When Robert Barnard published To Die Like Gentleman in 1993, he did so under the pen-name Bernard Bastable, and so he inscribed a copy to me: 'The start of a new life!' He'd moved to a different publisher (Macmillan) for this one, and he'd also moved into the early Victorian era - the events of the story take place in 1842. So he was seeking to differentiate this book from his other work, although naturally it displays his trademark wit and crisp, economical characterisation. There's even a good joke involving Charlotte Bronte - and Bob was a lifelong devotee of the Brontes.

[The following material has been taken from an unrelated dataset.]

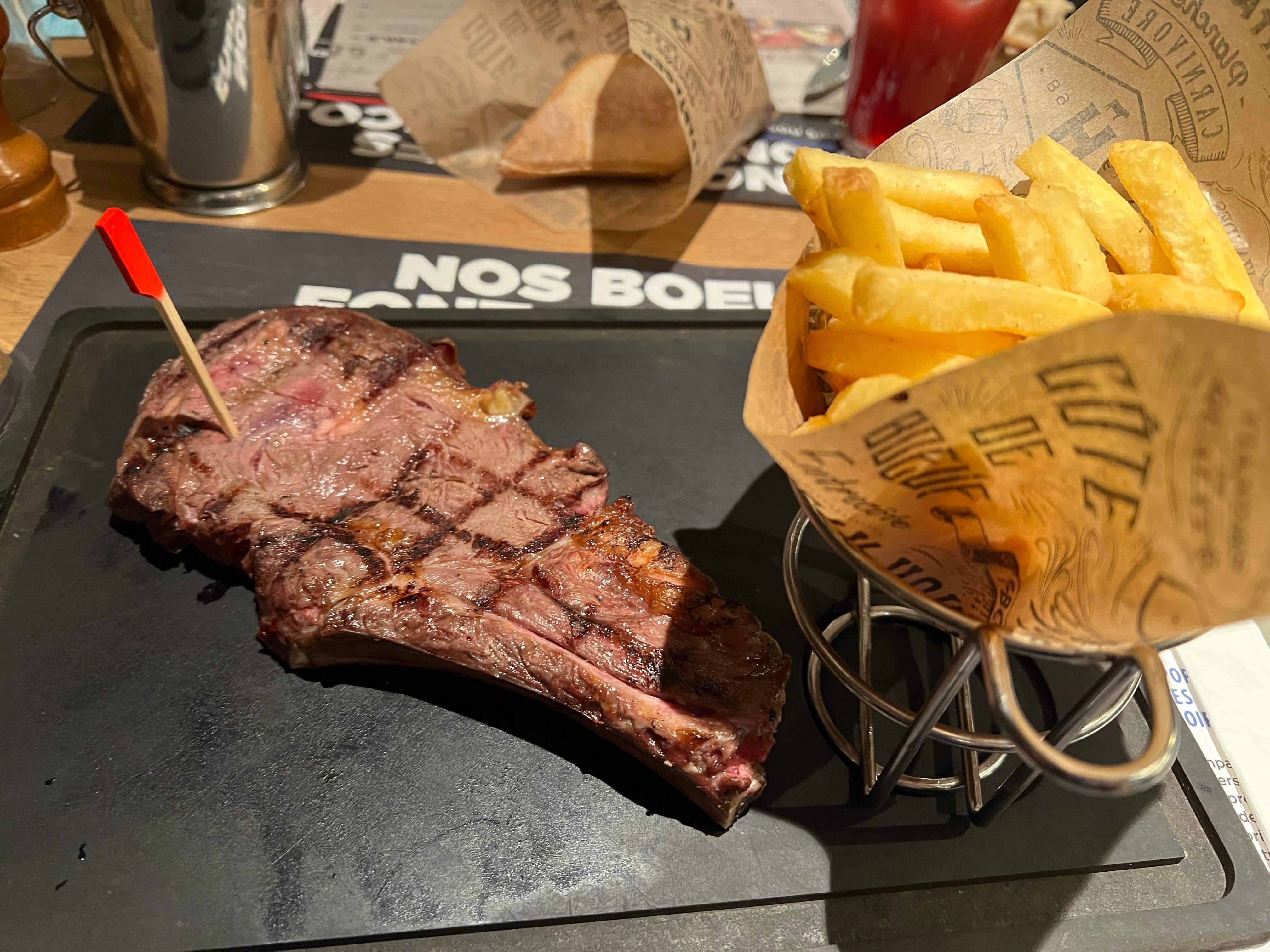 J'étais venue pour manger une bonne côte ainsi que des pommes au four mais il y avait rupture de pomme au four sinon tout était bien, serveuse pro,

In fact, his new life as Bastable wasn't particularly extensive. As far as I know this book never made it into paperback.The next Bastable title was published by Little, Brown and featured Mozart as a detective, and although there was a follow-up Mozart title, the books didn't make a huge impression. The fourth Bastable, A Mansion and its Murders, was another historical mystery, at first published only in the US. I believe it was turned down by Little, Brown. Some years later, when Bob had moved to Allison & Busby, they published the book, but I think by then that he'd become frustrated - understandably - at the relative lack of interest in the Bastable titles. This just goes to show that even a leading writer can find the going tough at times.
I enjoyed reading To Die Like a Gentleman the first time around and did so again on a second reading, having forgotten the story completely after a thirty year gap. Bob may have been trying to emulate Julian Symons' Victorian mysteries and he adopts the epistolary style, with letters and documents supplementing a multiple-viewpoint narrative. A homage to Wilkie Collins was perhaps in his mind, though this book is a fraction of the length of The Moonstone and The Woman in White.

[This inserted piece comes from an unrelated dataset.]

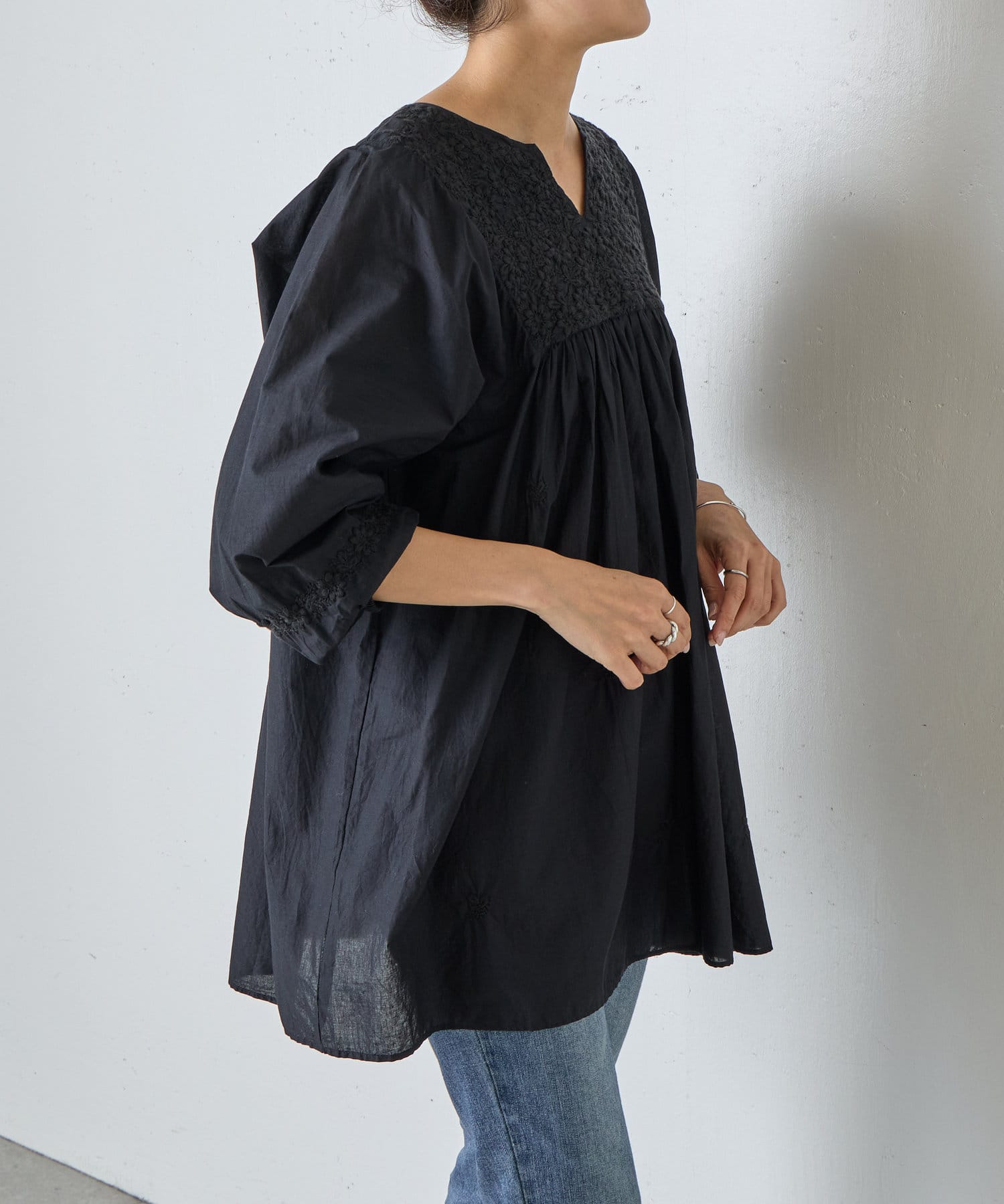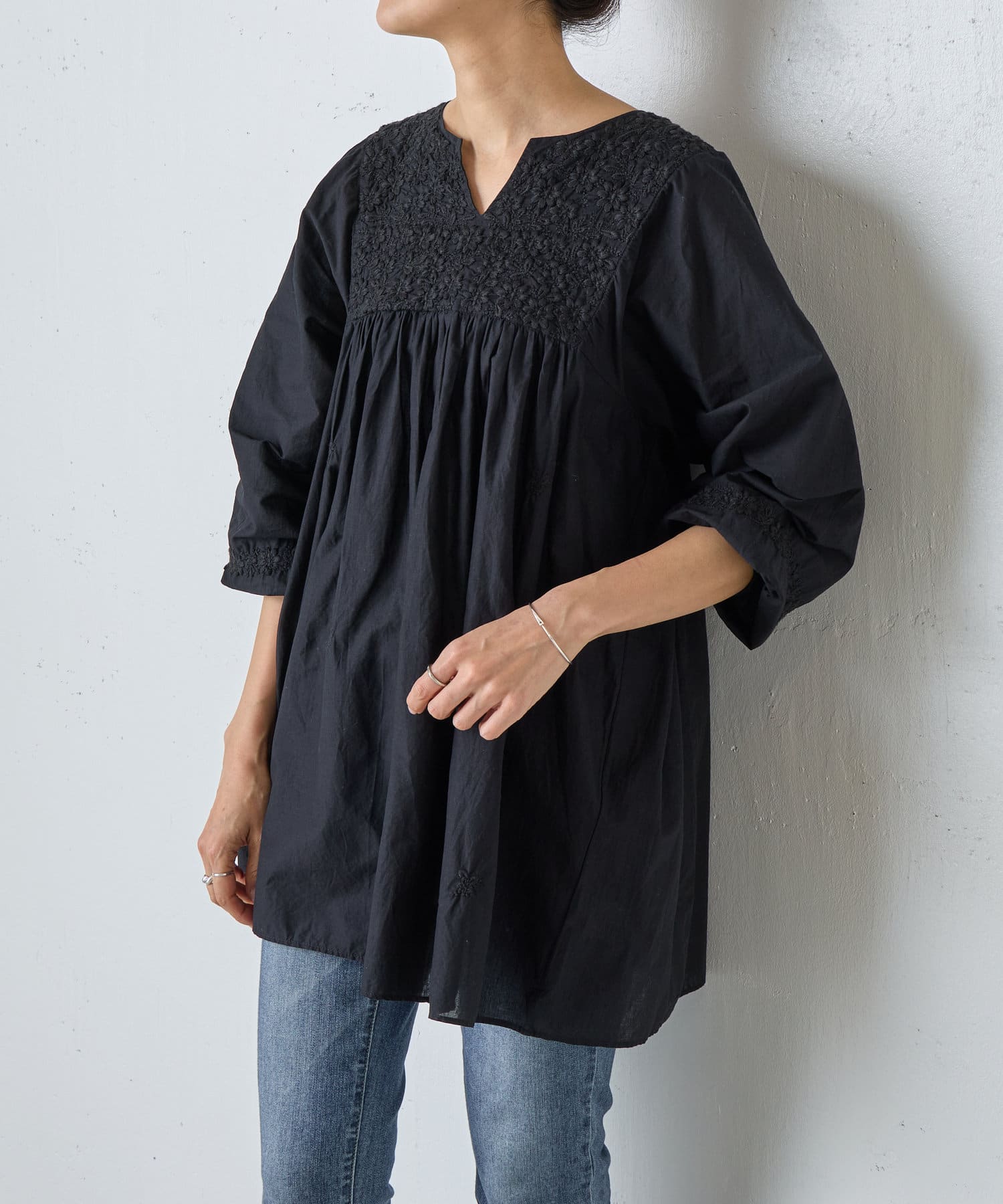 立体刺繍が華やかに映える、大人のためのこだわりチュニック。

This is a readable and entertaining piece of fiction. So why didn't it make an impact? I think there are two connected reasons. First, like all Bob's novels, it's short (very short, in fact) and snappy, but although the characters and situations are interesting, the mystery element is relatively thin. Bob didn't like to over-complicate his books - 'second murders are always vulgar', he liked to say, not that I agree! - and so he didn't manage to match Agatha Christie, whom he admired so much, in terms of ingenuity, even though clever ideas abound in his work. And second, in this book, the ending is far too abrupt - almost as if he'd passed a deadline and needed to wrap everything up sharpish. This doesn't do justice to the leisurely build-up. But his books are fun and I was glad to read this one again.